TUZENBACH: I wouldn’t go if I were you… It’s very simple.

CHEBUTYKIN: Don’t go, my dear girl.

MASHA: Yes, don’t go… This damned, unbearable life… (Goes into the ballroom.)

CHEBUTYKIN (follows her): Come on now!

SOLYONY (passing into the ballroom): Tsypp, tsypp, tsypp…

TUZENBACH: That’s enough, Vasily Vasilyich. Stop it!

SOLYONY: Tsypp, tsypp, tsypp…

KULYGIN (cheerfully): Your health, Colonel! I am a teacher, and I’m family here, Masha’s husband… She is kind, very kind…

VERSHININ: I’ll drink some of this dark vodka… (Drinks.) Your health! (To Olga.) I feel so good at your house!..

(Only Irina and Tuzenbach remain in the drawing-room.)

IRINA: Masha is in a bad mood today. She married when she was eighteen, when he seemed to her the cleverest man in the world. Now it’s different. He is the kindest, but not the cleverest.

OLGA (impatiently): Andrey, come on finally!

ANDREY (offstage): Just a moment. (Enters and goes to the table.)

TUZENBACH: What are you thinking about?

IRINA: Nothing much. I don’t like and I am afraid of that Solyony. He only talks nonsense…

TUZENBACH: He is a strange man. I feel sorry for him and annoyed with him, but more sorry. I think he is shy… When we are alone, he is very clever and gentle, but in company he is a boor, a bully. Don’t go, let them sit down at the table for now. Let me stay near you. What are you thinking about?

(Pause.)

You are twenty years old, and I am not yet thirty. How many years we have left ahead of us, a long, long series of days, full of my love for you…

IRINA: Nikolay Lvovich, don’t talk to me about love.

TUZENBACH (not listening): I have a passionate thirst for life, for struggle, for work, and this thirst in my soul has merged with my love for you, Irina, and, as if by design, you are beautiful, and life seems so beautiful to me! What are you thinking about?

IRINA: You say: life is beautiful. Yes, but only if it just seems that way! For us three sisters, life has not been beautiful yet; it has choked us, like weeds… Tears are running down my face. This is unnecessary… (Quickly wipes her face, smiles.) We must work, work. That is why we are cheerless and look so gloomily at life, because we don’t know work. We were born of people who despised work…

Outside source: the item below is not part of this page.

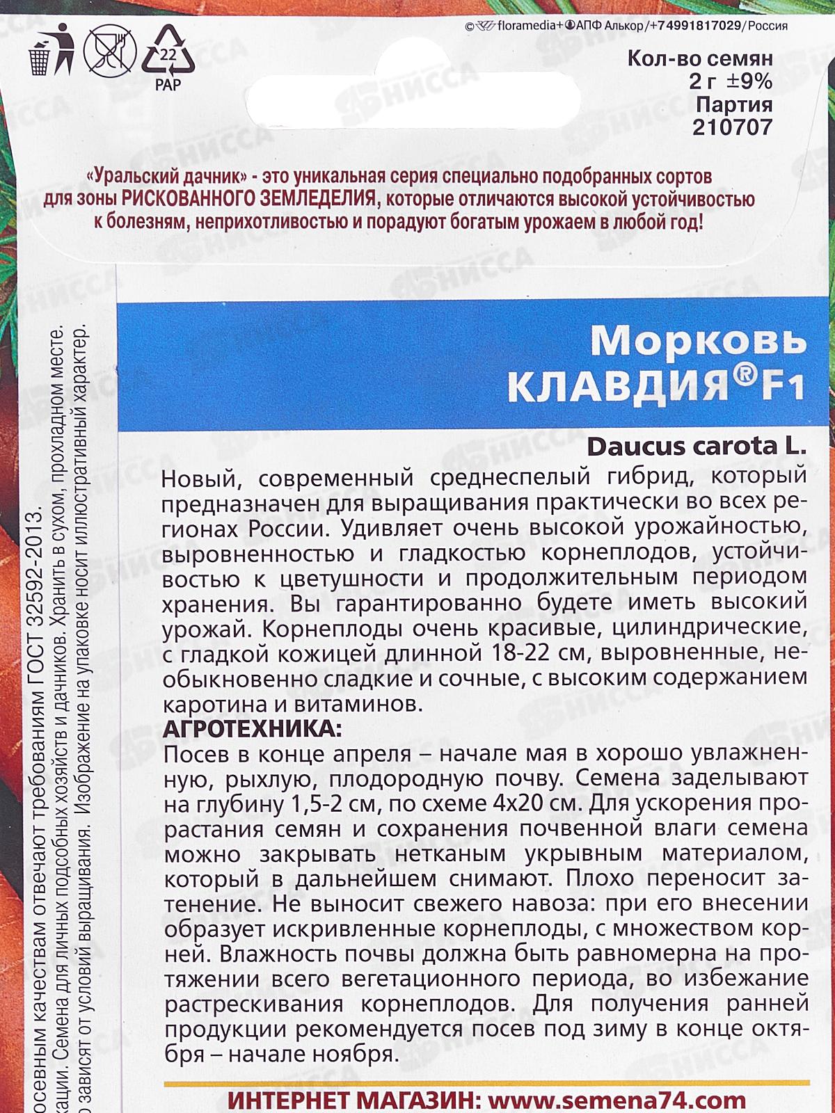 Морковь Клавдия F1 Евро *10 УрД +

(Natalya Ivanovna enters; she is wearing a pink dress with a green belt.)

NATASHA: They are already sitting down to lunch… I’m late… (Glances briefly in the mirror, adjusts herself.) I think my hair is alright… (Seeing Irina.) Dear Irina Sergeyevna, congratulations! (Kisses her hard and long.) You have so many guests, I truly feel ashamed… Hello, Baron!

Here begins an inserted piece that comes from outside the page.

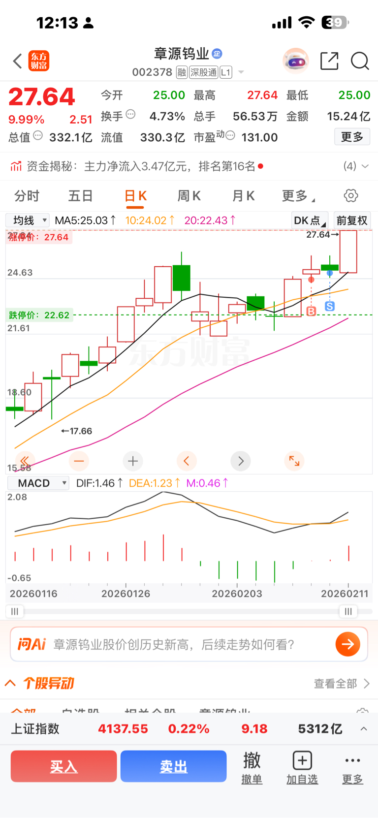 $章源钨业(SZ002378)$ 卖飞了

OLGA (entering the drawing-room): Well, here is Natalya Ivanovna. Hello, my dear!

(They kiss.)

NATASHA: Happy name-day. You have such a large company, I am terribly confused…

OLGA: Nonsense, they are all family. (Whispering, frightened.) You have a green belt on! My dear, that’s not good!

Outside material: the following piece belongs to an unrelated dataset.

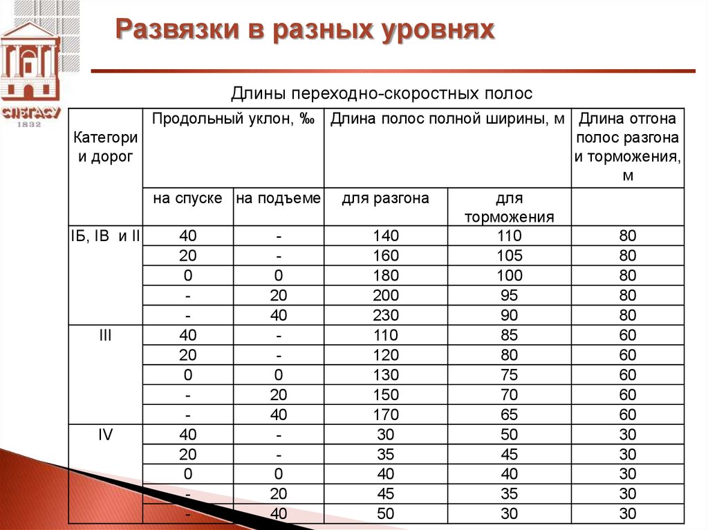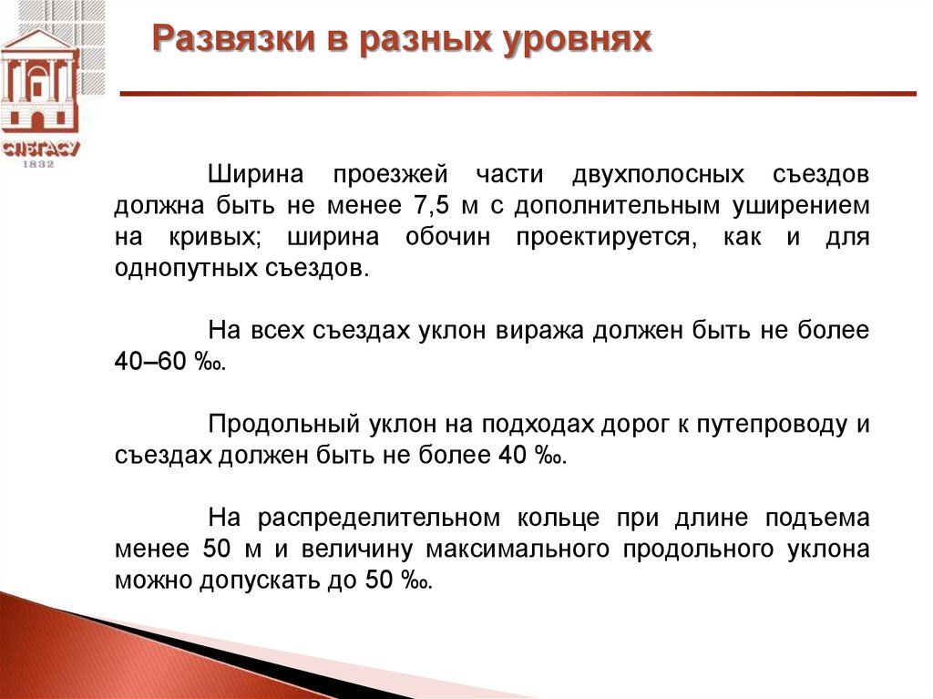 Развязки в разных уровняхШирина проезжей части двухполосных съездов

NATASHA: Is there a superstition?

OLGA: No, it just doesn’t suit you… and it’s somehow strange…

NATASHA (in a tearful voice): Really? But it’s not green, it’s more like a dull shade. (Follows Olga into the ballroom.)

(They sit down to lunch in the ballroom; the drawing-room is empty.)

KULYGIN: I wish you, Irina, a good fiancé. It’s time for you to get married.

CHEBUTYKIN: Natalya Ivanovna, I wish you a fiancé too.

KULYGIN: Natalya Ivanovna already has a fiancé.

MASHA (tapping a fork on a plate): I’ll drink a glass of wine! Oh well, what a life, here’s to us!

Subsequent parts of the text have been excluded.